Previously, importing HF weights into a Megatron model built with the
full TE spec (`TELayerNormColumnParallelLinear`, `TEGroupedMLP`, etc.)
failed for NemotronH models due to two issues:
1. **Grouped expert prefix bug**: The `experts.linear_fc1/fc2` import
rules had a hard-coded `mtp.layers.{}` prefix, which was only correct
for MTP layers. When regular decoder MoE layers use `TEGroupedMLP` (via
the full TE spec), the importer generated incorrect HF keys (e.g.,
`mtp.layers.27.mixer.experts.0.up_proj.weight` instead of
`backbone.layers.27.mixer.experts.0.up_proj.weight`).

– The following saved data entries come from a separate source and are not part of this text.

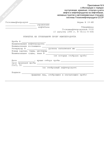 Этикетка на отобранную пробу нефтепродукта. Форма № 19-НП
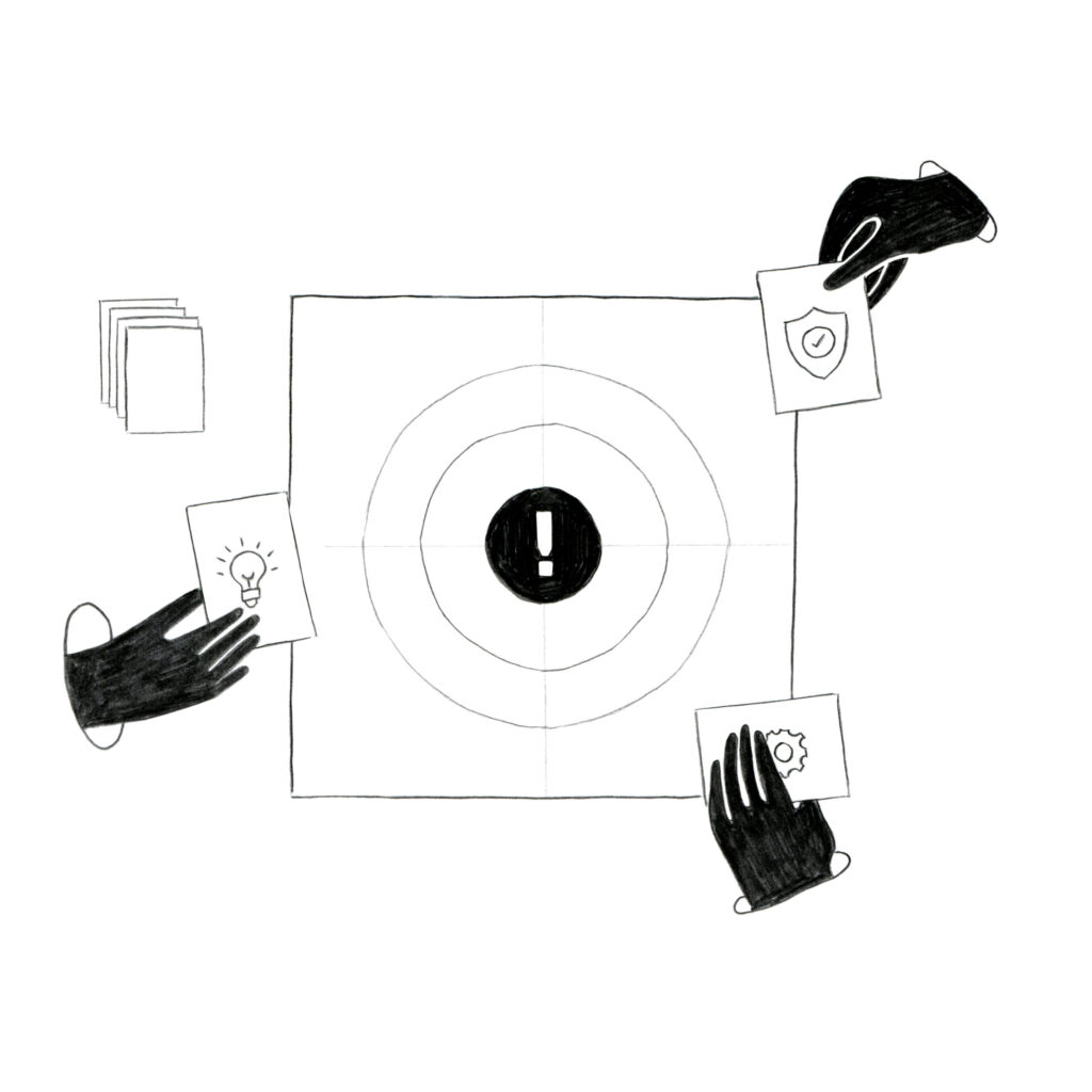 The dilemma games presented participants with realistic cybersecurity dilemmas present in the empirical material. Players used colour-coded “resource cards” representing technical fixes, management changes, people involvement, and knowledge gathering to explore possible solutions, and were moreover encouraged to add their own “resource cards” in order to solve the problem.
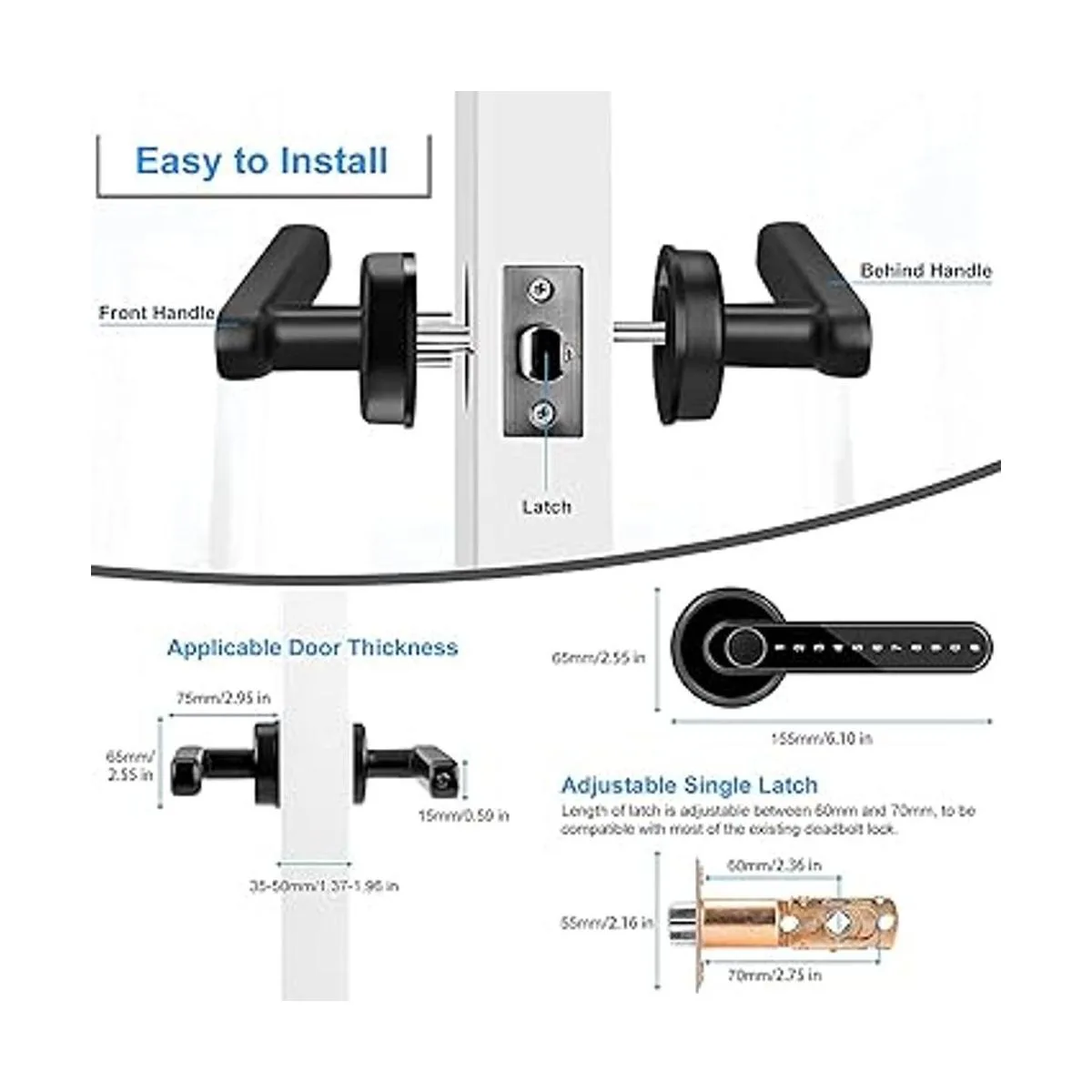Instalación sencilla: La cerradura de puerta por huella digital está diseñada para adaptarse a puertas estándar de EE. UU., tiene una entrada de cerradura de 2.362 pulgadas y 2.756 pulgadas, y el grosor de la puerta es de 1.378 pulgadas a 2.165 pulgadas. No necesita cables ni taladro. Se adapta a las puertas de las personas zurdas y diestras.

2. **Fused layer norm loading**: In the full TE spec, layer norms are
fused into `TELayerNormColumnParallelLinear` modules as
`layer_norm_weight`. The importer's `_name_remapping` would crash trying
to load `layer_norm_weight` from a non-existent HF path (e.g.,
`backbone.layers.X.mixer.in_proj.layer_norm_weight`), when the actual HF
norm weight lives at `backbone.layers.X.norm.weight`.
### Changes
**`mcore_nemotron.py`**:
- Fixed grouped expert prefix from `mtp.layers.{}` to
`backbone.layers.{}`. The `_grouped_mlp_merging` function already
handles `backbone` → `mtp` replacement when `is_mtp=True`, so both
decoder and MTP layers work correctly.
- Added `mapping={"layer_norm_weight": None}` to `in_proj` and
`linear_fc1` rules to skip `layer_norm_weight` during `_name_remapping`
(loaded separately via `fused_norm`).
- Added `fused_norm` rule
(`NameRemapping("backbone.layers.{}.norm.weight")`) to load HF norm
weights into fused TE modules.
**`megatron_importer.py`**:
- Added `source_key is None` check in `_name_remapping` to skip keys
mapped to `None` in the mapping dict (keeps existing value instead of
crashing on missing HF key).
- Added fused norm loading in `_import_mamba_layer`: after loading
`in_proj`, loads `layer_norm_weight` from HF via `fused_norm` rule when
`layer.norm` is `IdentityOp`.
- Added fused norm loading in `_import_transformer_layer`: loads
`layer_norm_weight` into `linear_qkv` (when `input_layernorm` is
`IdentityOp`) and into `linear_fc1` (when `pre_mlp_layernorm` is
`IdentityOp`).
## Usage
The full TE spec is enabled via the `--full-te-spec` flag on the
Megatron-LM side (separate PR). On the ModelOpt side, no user-facing
changes are needed -- the import rules automatically handle both local
spec and full TE spec models.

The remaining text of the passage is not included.